Alain Finkielkraut (, ; ;  born 30 June 1949) is a French philosopher and public intellectual. He has written books and essays on a wide range of topics, many on the ideas of tradition and identitary nonviolence, including Jewish identity and antisemitism, French colonialism, the mission of the French education system in immigrant assimilation, and the Yugoslav Wars. He often appears on French television.

He joined the Department of French Literature in the University of California, Berkeley as an assistant professor in 1976, and from 1989 to 2014 he was professor of History of Ideas in the École Polytechnique department of humanities and social sciences. He was elected member of the Académie française (Seat 21) on 10 April 2014.

As a thinker, Finkielkraut defines himself as being "at the same time classical and romantic". Finkielkraut deplores what he sees as the deterioration of Western tradition through multiculturalism and relativism. 

In 2010, he was involved in founding JCall, a left-wing advocacy group based in Europe to lobby the European Parliament on foreign policy issues concerning the Middle East and Israel in particular.

Life
Finkielkraut is the son of a Polish Jewish manufacturer of fine leather goods who survived the Auschwitz concentration camp.

Work
Finkielkraut studied modern literature at the École normale supérieure de Saint-Cloud. Broadly speaking, his ideas may be described as being in the same vein as those of Emmanuel Levinas and Hannah Arendt, a filiation he has repeatedly pointed out.

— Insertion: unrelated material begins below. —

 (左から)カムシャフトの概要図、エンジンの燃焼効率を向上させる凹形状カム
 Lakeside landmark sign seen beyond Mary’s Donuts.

Finkielkraut first came to public attention when he and Pascal Bruckner co-authored a number of short but controversial essays intended to question the idea that a new emancipation was underway; these included The New Love Disorder (1977) (Le Nouveau Désordre amoureux) and At the Corner of the Street (1978) (Au Coin de la rue), as well as The Adventure (1979) (L'aventure). Finkielkraut then began publishing singly authored works on the public's betrayal of memory and our intransigence in the presence of events that, he argued, should move the public. This reflection led Finkielkraut to address post-Holocaust Jewish identity in Europe (The Imaginary Jew) (1983) (le Juif imaginaire). Seeking to promote what he calls a duty of memory, Finkielkraut also published The Future of a Negation: Reflexion on the Genocide Issue (1982) (Avenir d'une négation : réflexion sur la question du génocide) and later his comments on the Klaus Barbie trial, Remembering in Vain (La Mémoire vaine).

Finkielkraut feels particularly indebted to Emmanuel Levinas. In The Wisdom of Love (La Sagesse de l'amour), Finkielkraut discusses this debt in terms of modernity and its mirages. Finkielkraut continues his reflection on the matter in The Defeat of the Mind (1987) (La Défaite de la pensée) and The Ingratitude: Talks About Our Times (1999) (Ingratitude : conversation sur notre temps).

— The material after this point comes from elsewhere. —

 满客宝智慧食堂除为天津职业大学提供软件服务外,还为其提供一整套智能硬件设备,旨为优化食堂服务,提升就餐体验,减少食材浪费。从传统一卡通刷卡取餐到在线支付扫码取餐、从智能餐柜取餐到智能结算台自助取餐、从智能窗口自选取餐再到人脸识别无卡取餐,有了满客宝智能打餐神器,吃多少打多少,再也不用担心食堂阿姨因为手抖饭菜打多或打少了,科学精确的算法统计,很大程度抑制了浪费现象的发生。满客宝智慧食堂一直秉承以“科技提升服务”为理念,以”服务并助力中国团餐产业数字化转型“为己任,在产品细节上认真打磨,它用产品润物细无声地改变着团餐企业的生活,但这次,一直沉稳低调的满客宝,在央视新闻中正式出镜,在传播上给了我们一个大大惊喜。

At the end of the 1990s, he founded with Benny Lévy and Bernard-Henri Lévy an  at Jerusalem.

Essayist on society
In recent years, Alain Finkielkraut has given his opinion on a variety of topics in society, such as the Internet in The Internet, The Troubling Ecstasy (2001) (Internet, l'inquiétante extase). In the book Present Imperfect (2002) (L'Imparfait du présent), akin to a personal diary, he expresses his thoughts about various events in the world (especially the events of 11 September 2001).

Controversies
In 1995 Finkielkraut denounced the Cannes Film Festival's jury award, saying:
In recognizing "Underground", the Cannes jury thought it was honouring a creator with a thriving imagination. In fact, it has honoured a servile and flashy illustrator of criminal clichés. The Cannes jury ... praised a version of the most hackneyed and deceitful Serb propaganda. The devil himself could not have conceived so cruel an outrage against Bosnia, nor such a grotesque epilogue to Western incompetence and frivolity.
It was later revealed that Finkielkraut had not seen the film before writing his criticism. 

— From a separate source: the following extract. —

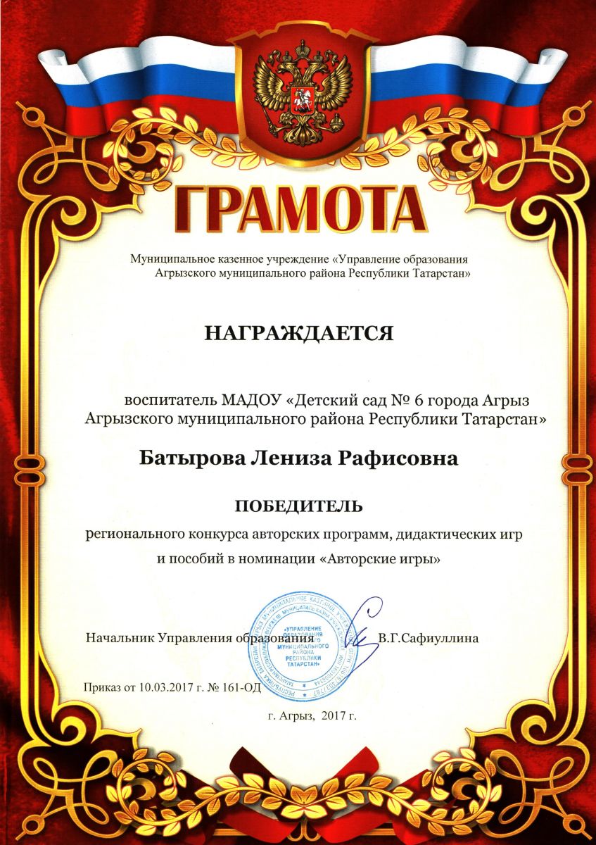 32.Победитель регионального конкурса "Авторские игры", Батырова Л.Р.

His interview published in the Haaretz magazine in November 2005 in which he gave his opinion about the 2005 French riots stirred up much controversy. Finkielkraut's remarked that the France national football team was "black, black, black, which causes sneers all over Europe" (as opposed to the expression "black-blanc-beur"—meaning "Black, White, Arab"—coined after the 1998 World Cup victory to honor the African and Afro Caribbean, European and North African origins of the players), adding that "if you point this out in France, you are thrown in jail." He also denounced African-American Muslims, claiming that there is an "Islamization of the blacks" happening in both America and France.

Anti-Zionist filmmaker Eyal Sivan took legal action against Finkielkraut after the Frenchman said Sivan "is, if you will, one of the actors in this particularly painful, particularly alarming reality, the Jewish anti-Semitism that rages today."

In 2009, he was criticized for his comment on Roman Polanski sexual offence in which a 13-year-old girl was involved. Finkielkraut claimed that she was a "teenager", "not a child".

He has been criticized for his close friendship with Croatian president Franjo Tuđman and was accused by David Bruce MacDonald of supporting "a nation whose leader was a Holocaust revisionist, at the helm of an authoritarian government."

In August 2018, Finkielkraut expressed in an interview with The Times of Israel his worries for French Jews and the future of France: "The anti-Semitism we're now experiencing in France is the worst I've ever seen in my lifetime, and I'm convinced it's going to get worse".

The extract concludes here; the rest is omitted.